(EXERCISE OBJECTIVE)
Output the complete listing exactly, please, and keep the pictures out of it.

(AVAILABLE DATA)
★ ★ ★ ★
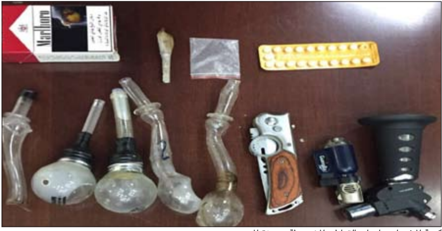
كمية المخدرات وادوات التعاطي المضبوطة بحوزة المدمن
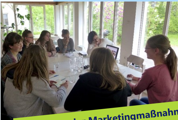
Erarbeiten der Marketingmaßnahmen durch die Jugendmitglieder
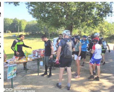
Le SMBS VTT RANDO
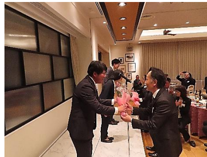
PTAから転出教職員に感謝の花束を贈呈しました。
★ ★ ★ ★
(EXPECTED OUTPUT)
كمية المخدرات وادوات التعاطي المضبوطة بحوزة المدمن
Erarbeiten der Marketingmaßnahmen durch die Jugendmitglieder
Le SMBS VTT RANDO
PTAから転出教職員に感謝の花束を贈呈しました。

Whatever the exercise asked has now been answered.